Валерьян Петрович лег на живот и, прикрыв спину одеялом,  начал ждать.
Боль наступала, мучая, усиливая страх.  Ветров, повернувшись на левый бок, застонал. Сначала тихо и коротко. Потом громче и протяжней.
Через пару минут Валерьян подтянул телефон и набрал домашний номер Козлова. Длинные гудки быстро прервались.
- Вася, ты вызвал? – жалобно взвыл он.   
- Да.
- Спасибо, друг. Ой, как мне больно.  В пах начало отдавать. Может, аппендицит?
-  Не знаю. Я к тебе сейчас приеду.
Ветров сбросил одеяло и уже крутился, как раздавленное беспозвоночное пресмыкающееся, отсчитывая секунды.
Прошло долгих минут десять-пятнадцать, когда  он, ослабев от неведомой прежде боли, взял дрожащей рукой мобильник.
- Вася, позвони еще раз, – взмолился он. – Сдохну ведь, пока врачи приедут. «А чем они помогут?.. Сделают укол, отвезут в больницу…  Довезут ли?» Ветров почувствовал, что  в сердце вонзаются иголки. «Не надо про него  думать.  Ой…»
Истекла еще одна  четверть часа, прежде чем в дверь позвонили.
Ветров воспрянул духом и, медленно отделившись от дивана,  тихо пошел  открывать ее.
На пороге стоял перепуганный Василий.
- Я  дверь в подъезде кирпичом застопорил. Ты ложись. Я вниз на всякий случай.
- Ты позвони еще раз, Вася.  Вдруг они забыли про вызов.         
Минуты ползли.  Ветров  крутился и матерился, пока не появились спасатели в синей спецодежде.
 - Почему так долго? – не сдержался Валерьян.
- А вы знаете, сколько машин осталось на город?
- Ладно, все ясно с вами, нищая медицина, делайте скорее укол, – попросил он слабым голосом. – Такая боль.
- Мужчины всегда плохо переносят почечную колику, – равнодушно сказала девушка, набирая шприц.
- Мне зубы без заморозки удаляли, – начал оправдываться  Ветров, наблюдая, как в вену входит большая игла.
- Поедете в больницу? – спросила сестра, смазав спиртом ранку.
- А надо? –  засомневался Ветров после упрека медсестры.
- Решайте скорее.
- Пожалуй, поеду.
Он побросал в пакет  туалетные принадлежности и, прихватив тапки, запер квартиру.

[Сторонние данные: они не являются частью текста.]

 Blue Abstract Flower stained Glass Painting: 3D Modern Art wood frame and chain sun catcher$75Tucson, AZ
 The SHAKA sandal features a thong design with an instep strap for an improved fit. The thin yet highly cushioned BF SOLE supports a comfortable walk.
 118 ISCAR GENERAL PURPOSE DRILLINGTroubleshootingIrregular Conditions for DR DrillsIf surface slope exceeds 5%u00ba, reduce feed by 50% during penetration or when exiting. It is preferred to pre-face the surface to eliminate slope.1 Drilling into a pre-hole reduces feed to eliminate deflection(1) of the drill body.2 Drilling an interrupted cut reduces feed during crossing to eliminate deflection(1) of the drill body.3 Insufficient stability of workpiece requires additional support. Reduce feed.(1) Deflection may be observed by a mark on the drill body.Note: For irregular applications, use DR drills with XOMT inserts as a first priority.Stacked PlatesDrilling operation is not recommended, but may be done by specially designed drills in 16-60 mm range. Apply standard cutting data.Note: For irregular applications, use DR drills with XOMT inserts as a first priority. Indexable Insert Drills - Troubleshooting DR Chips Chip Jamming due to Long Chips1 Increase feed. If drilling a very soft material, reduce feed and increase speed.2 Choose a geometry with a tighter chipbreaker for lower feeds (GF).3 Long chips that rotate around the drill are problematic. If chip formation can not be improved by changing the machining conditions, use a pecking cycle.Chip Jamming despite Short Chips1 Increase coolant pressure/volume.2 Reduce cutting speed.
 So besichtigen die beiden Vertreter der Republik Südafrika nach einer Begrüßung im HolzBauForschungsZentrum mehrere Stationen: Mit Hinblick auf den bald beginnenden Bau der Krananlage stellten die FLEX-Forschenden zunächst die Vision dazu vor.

Его медленно везли в жестком промерзшем салоне серого уазика. Машину трясло и подбрасывало. «Что ни поворот, то пробка, –  злился Ветров. – Все объездные пути  перекрыты точечной застройкой. А если бы  сердце – не довезли бы.  Дорого взяточничество обходится».   

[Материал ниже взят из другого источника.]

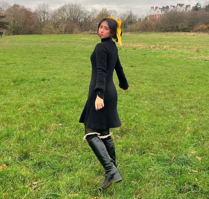 Dalam suasana musim gugur, Freya tampil memukau dengan dress knit berwarna hitam berpotongan A-line yang memberikan siluet ramping dan elegan. Sentuhan feminin makin terasa lewat lace stocking dan sepatu boots tinggi berwarna hitam yang mempertegas kesan chic. Tak lupa, pita besar warna mustard yang menghiasi rambutnya membuat penampilan ini terlihat seperti potongan dari film indie berlatar Eropa. OOTD ini cocok untuk kamu yang ingin tampil anggun, namun tetap nyaman di cuaca dingin.
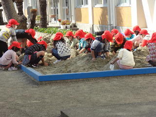 1年生は昼休みに砂場で遊んでいました。トンネルを作ったり・・・道を作ったり・・・。楽しそうでした。
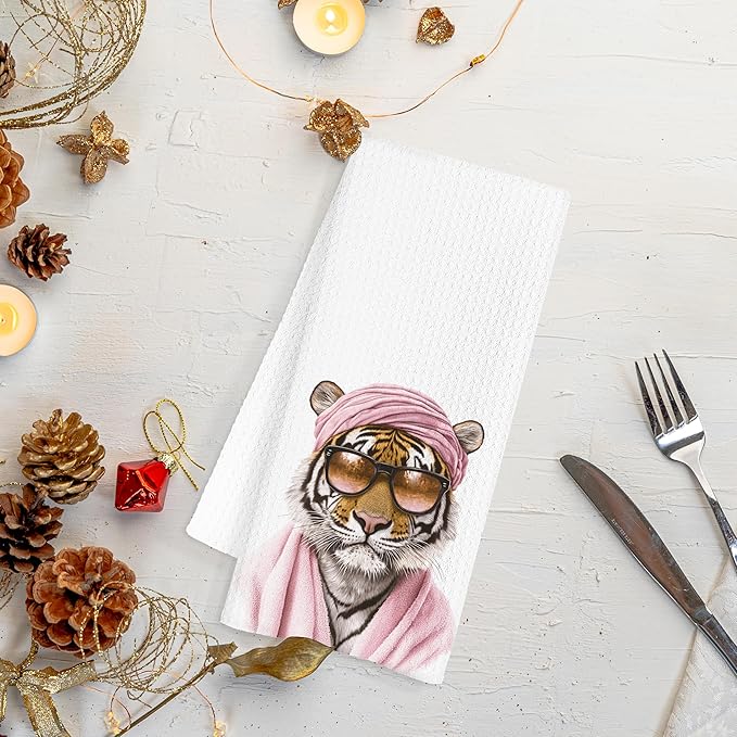Coquette Pink Tiger Hand Towels for Bathroom, Trendy Tiger Bathroom Hand Towels, Coquette Teen Girl Bathroom Decor, Tiger Gifts for Women Tiger Lovers, 16x24 Inch

 В приемном отделении он поступил в распоряжение пожилой медсестры, которая записала его в журнал и сочувственно посоветовала:
- Прилягте пока на кушетку.
 Валерьян Петрович подчинился и сразу пожалел: клеенка обожгла оголившуюся поясницу холодом. «Как в морге», –  подумал он и, встав с топчана, принялся осторожно прохаживаться, пока не появилась хрупкая девушка в белом халате. Сестричка вернула его на кушетку и начала измерять давление. Чуть позже, когда была снята кардиограмма,  появился  среднего роста, широкоплечий, черноволосый доктор лет тридцати от роду и принялся  ощупывать бок.
-- Так больно?
-- Терпимо.
-- Перевернитесь на живот. А так? – доктор принялся торопливо простукивать пальцем  поясницу.
-- Ой!
-- Ложиться будете?
-- Не знаю.
-- Решайте скорей. Если не хотите ложиться, пишите отказ.
-- Я, пожалуй, останусь.
Доктор, ничего не сказав, стремительно удалился.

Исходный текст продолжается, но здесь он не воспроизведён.